Tips for the television spokesperson

Tips for the television spokesperson


My number one piece of advice is, you’ve
got to like what you’re doing, because if you don’t like talking to people and knowing
that you’re on TV, it shows. And that’s not great, and you won’t feel
happy about it, So you do have to develop a comfort level. If—you could be a bit of a ham—and a lot
of professors have to be, in order to do our job—so you could already have a comfort
level of being at the centre of attention. But I do think that’s also something that
can be acquired, right, So you can develop a goal that in a 6 month
period, I’m going to be open to doing 2 or 3 TV spots. And if the opportunity comes up I’m actually
going to say yes if it’s roughly within my area.
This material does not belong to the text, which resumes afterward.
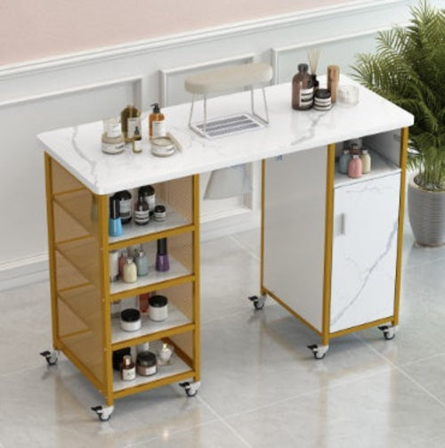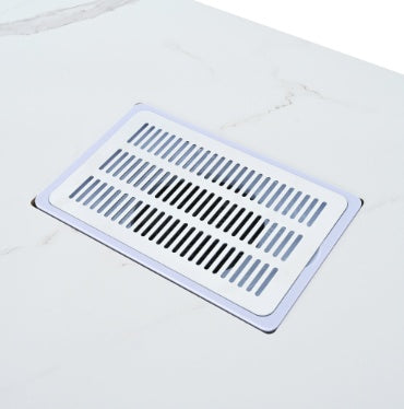 Product Name: Manicure Table, Marbling Texture Nail Table with Electric Downdraft Vent, Wrist Cushion, Lockable Wheels, Storage layers & cabinet, White

Now very often the questions you’re going
to get will be fairly broad level, And what they want is someone who can put
the Luka Magnotta trial into some kind of broader context in terms of: How do we pick a jury?, what are some of the
challenges of being on a jury?, how does the judge handle that? They can very, very general questions that
most legally trained people can answer with some credibility. So I’m sympathetic to the anxiety about
not seeming to be an expert where you aren’t. But at the same time I think you probably
know more than you realize and can credibly speak about more than you think. That being said—because you have to like
what you’re doing—it’s perfectly fine to limit yourself to a few key areas That you know off the cuff you can talk in
a really concise and educational and interesting way about them.